FreezeVLA: Action-Freezing Attacks against Vision-Language-Action Models
Xin Wang 1,2, Jie Li 2, Zejia Weng 1, Yixu Wang 1,2, Yifeng Gao 1, Tianyu Pang 3, Chao Du 3, Yan Teng 2, Yingchun Wang 2, Zuxuan Wu 1, Xingjun Ma 1, Yu-Gang Jiang 1
Published on arXiv
2509.19870
Input Manipulation Attack
OWASP ML Top 10 — ML01
Prompt Injection
OWASP LLM Top 10 — LLM01
Key Finding
FreezeVLA achieves 76.2% average cross-prompt attack success rate across three state-of-the-art VLA models, with a single adversarial image reliably inducing paralysis across diverse language prompts.
FreezeVLA
Novel technique introduced
Vision-Language-Action (VLA) models are driving rapid progress in robotics by enabling agents to interpret multimodal inputs and execute complex, long-horizon tasks. However, their safety and robustness against adversarial attacks remain largely underexplored. In this work, we identify and formalize a critical adversarial vulnerability in which adversarial images can "freeze" VLA models and cause them to ignore subsequent instructions. This threat effectively disconnects the robot's digital mind from its physical actions, potentially inducing inaction during critical interventions. To systematically study this vulnerability, we propose FreezeVLA, a novel attack framework that generates and evaluates action-freezing attacks via min-max bi-level optimization. Experiments on three state-of-the-art VLA models and four robotic benchmarks show that FreezeVLA attains an average attack success rate of 76.2%, significantly outperforming existing methods. Moreover, adversarial images generated by FreezeVLA exhibit strong transferability, with a single image reliably inducing paralysis across diverse language prompts. Our findings expose a critical safety risk in VLA models and highlight the urgent need for robust defense mechanisms.
Key Contributions
- Formalizes the 'action-freezing' threat model in VLA systems, where adversarial images cause persistent robotic inaction by decoupling visual input processing from language-instruction following.

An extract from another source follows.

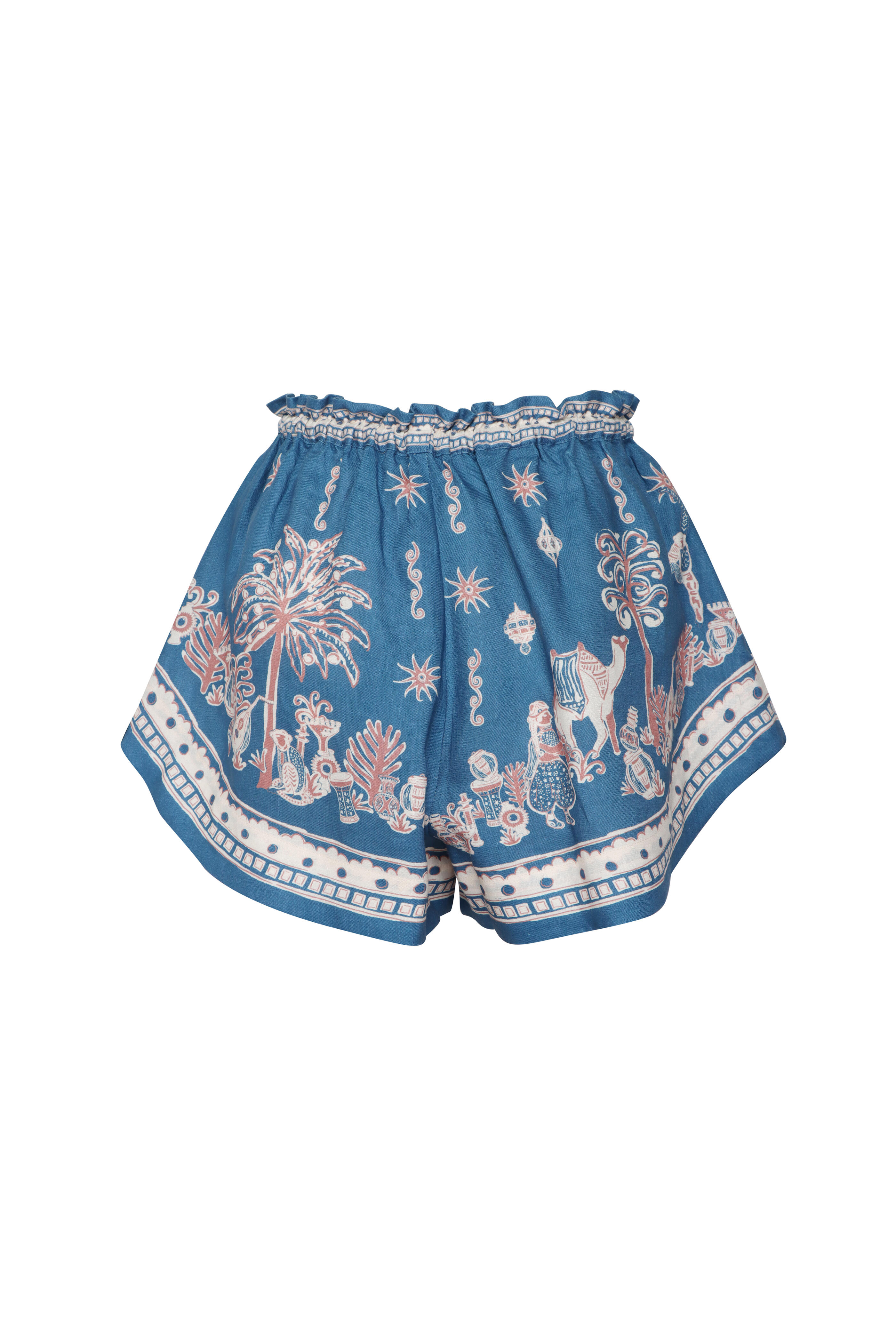High rise. Elastic drawstring waist. Wide through leg. Curved hem. Imported. Rise 30” (US 4). Waist 26.5” (US 4). Length 13.5” (US 4). 100% linen. Handwash.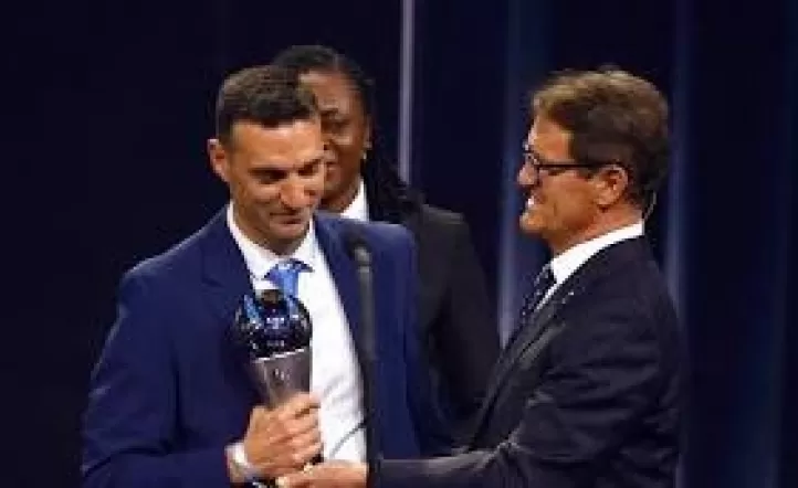El DT de la Selección argentina ganó el galardón en la ceremonia The Best: "Quiero agradecer por el premio a todos, especialmente a los 26 jugadores que nos llevaron a la gloria, sin ellos no hubiéramos podido conseguir nada; al presidente de la AFA por permitirme ser entrenador de la Selección argentina, a todo mi cuerpo técnico que son amigos, eternamente agradecido".

- Proposes FreezeVLA, a min-max bi-level optimization framework: an inner maximization constructs adversarially robust 'hard prompts' and an outer minimization crafts adversarial images that defeat them, enabling strong cross-prompt transferability.
- Demonstrates 76.2% average attack success rate across SpatialVLA, OpenVLA, and π0 on four LIBERO robotic manipulation benchmarks, significantly outperforming prior methods.
🛡️ Threat Analysis
FreezeVLA generates gradient-based adversarial image perturbations that manipulate VLA model outputs at inference time — causing persistent inaction rather than misclassification, but still a direct adversarial example attack on the visual input stream of the model.